Yikes! I’ve been caught out by The Second City’s Clare McConnell. And I am suitably red-faced.

Clare McConnell

Let’s start at the very ending. As I close an interview with an artist I’m profiling, I sometimes ask what else I should have asked . . . just to give them the opportunity to add any final thoughts. This is where they might disclose a hidden talent for drumming, a penchant for winged eyeliner or a near-obsessive sushi addiction. Or that George Harrison is their favourite Beatle. Or they are a dual citizen of Ireland. You get the idea. So I ingenuously ask McConnell this question. 

For a moment, it’s like she’s up on stage, responding in real time to a fellow improv artist. The question is a gift, which she accepts in her character of larger-than-life comedian . . . and shreds me with by conjuring the interview that could have been: “You should have asked me to say something profound but hilarious to conclude this interview. A real banger of a closing statement,” she deadpans. “This is where I would have done that. It would have been relatable, and everyone would have loved it….if you had asked me that question.” 

I laugh out loud. Just for a second, even while appreciating her wit, I wish I had a do-over. Very apropos . . .  after all, I am interviewing her about If I Could #Throwback Time, the sketch-comedy revue she is performing on the Second City Mainstage. 

Originally from Calgary, McConnell has been a part of the Second City Touring Company for two years, and joined the Mainstage cast in July. “I have so many favourite sketches in this show!” she enthuses. The one that’s making me break the most these days is the Wacky Waving Inflatable love scene I do with Alan Shane Lewis.” She amplifies drily:, “We have fun.”  She feels “so lucky” to have had this much time on the Second City stage to try things and push her own boundaries. Although the Second City sketches are comedic, many are satiric or political, and almost all are anchored in a core of emotional truth.  

And these sketches come to life and grow into a Second City show through a defined, quasi-scientific and (to hear her McConnell tell it) Sisyphean process. She explains that the actors first improvise their ideas for audiences before creating their scripts. Each day of the rehearsal process, they come in with new premises (scene ideas with a clear point of view.) “We cast whoever we want, try the ideas out in our improv sets, and hope that people find them as funny as we do. Then we watch the tapes of the set to see what worked, what didn’t, do some tweaking, and improvise it again! This goes on for about 11 weeks, until we all lose sight of what comedy even is. Then we show everyone the thing we made and hope they laugh!” 

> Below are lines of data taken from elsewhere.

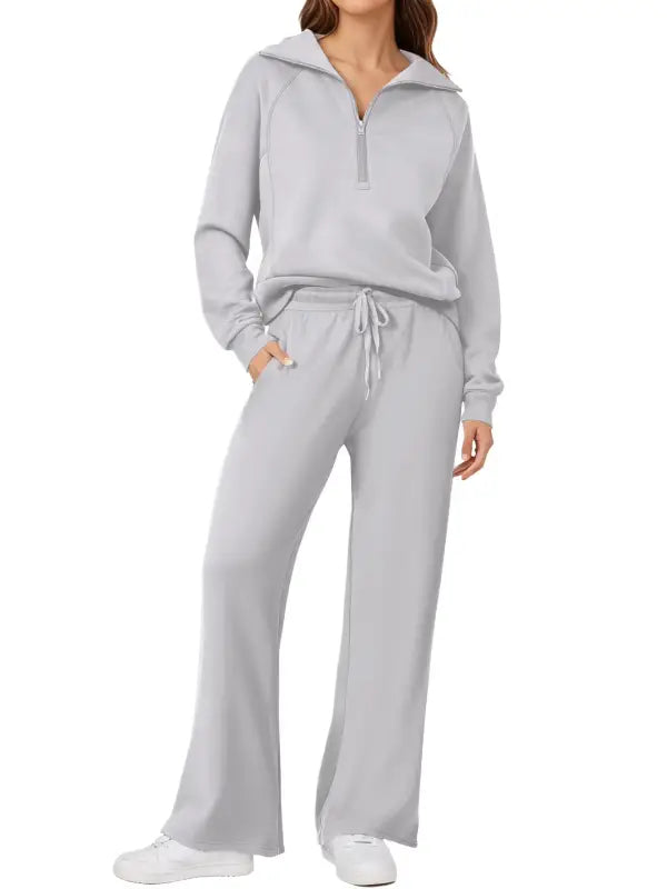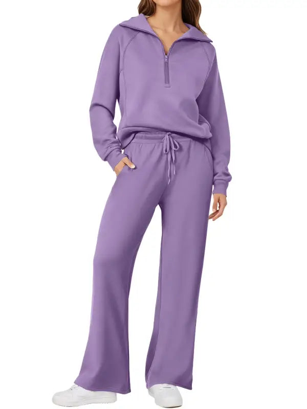 This women’s multi color lounge set brings comfort and style together in one easy outfit. The soft half zip top pairs perfectly with relaxed wide leg pants for a cozy, laid back look. Whether you are at home, running errands or traveling, this set keeps you comfortable with its breathable fabric and flattering fit. A must have everyday essential.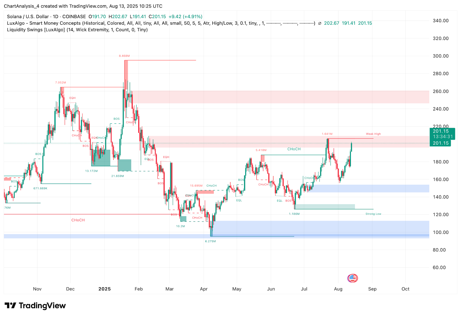Технический прорыв и высокая активность на рынке деривативов стимулируют рост цены Solana сегодня. Smart Money Concepts на дневном графике показывает явный прорыв структуры (BOS) выше $196, при этом ликвидность изымается из зоны предложения $200–$202. Сейчас мы тестируем «слабый максимум» на уровне $202, и успешное закрытие выше этого уровня может потенциально спровоцировать дальнейший рост.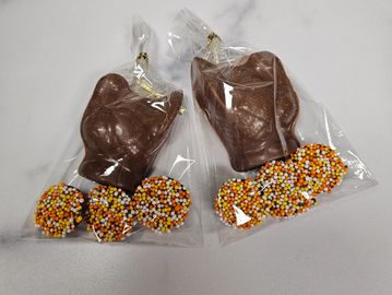 Small solid turkey and fall non-pareils. Available in Milk, Dark or White Chocolate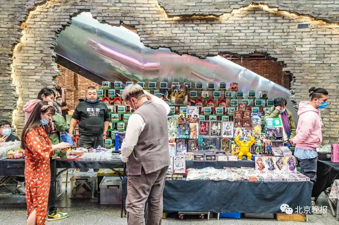 手办、玩具、老旧物品、怀旧电子产品......几十个摊贩分布在各个角落,地上摆着各种老物件儿。狭窄的过道里人们一步一停,蹲在地上淘货。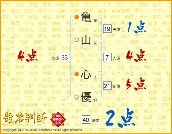 生活面を象徴する運勢です。外部から受ける影響力を表し、結婚運、家庭運や職場、環境への順応性を表します。総運から人運を引いた画数。姓や名が1文字の場合を除く。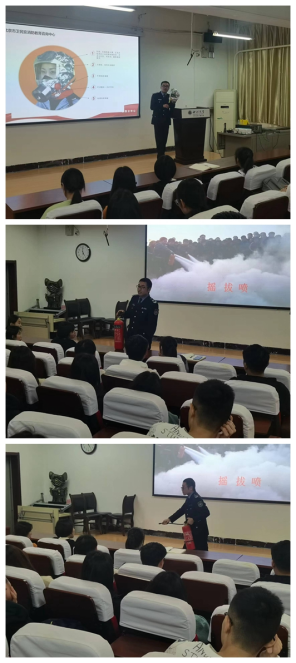 本次活动主要分为安全知识专题讲座、实验室安全应急演练及灭火器使用培训三部分。讲座中,董湃教官详细讲述了实验室安全及宿舍安全相关知识,通过实际案例来引导,告诉我们实验室安全防范的重要性,以及做好实验室安全隐患排查的必要性。同时,他对安全应急演练、消防小常识进行了详细的讲解和培训,对防毒防烟面具等消防逃生器械的正确使用方法进行了培训,董湃教官在培训现场还不断和学生交流互动,以巩固大家学习成果,提高学生的应急救援能力,现场气氛十分活跃,在讲座尾声,董湃教官郑重地告诫大家,实验室安全防护绝对不能抱有侥幸心理,要严肃对待,要时刻具备实验室安全防护意识,做到防患于未然。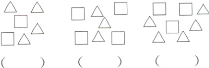 4. 用□表示10,用△表示1,下面这几堆卡片代表的数各是多少?填一填。

Tricia Black and Clare McConnell; photo: Paul Aihoshi

Of course they do… and audiences have an abiding curiosity about the actors’ ability to offer scenes that convey emotional vulnerability while delivering wince-inducing laughs rooted in rueful truths. In her two years at Second City, McConnell has performed a range of sketches, many of which mine humour from discomfort. For example, in last year’s holiday show, It’s a Wild, Rowdy Wonderful Life where McConnell performed a scene about a sick mom trying to restore her pre-illness relationship with her daughter. “They end up roasting the s#%t out of each other, and it’s lots of fun,” she recalls. In reality, the scene was based on her dad, who has had a very difficult health journey, and McConnell thought it might be interesting to explore her feelings about it onstage. In retrospect, she is glad that she took the risk. Still, it turned out it was all still a bit too tender, and she was “very ready to put the scene to bed” when the show closed. 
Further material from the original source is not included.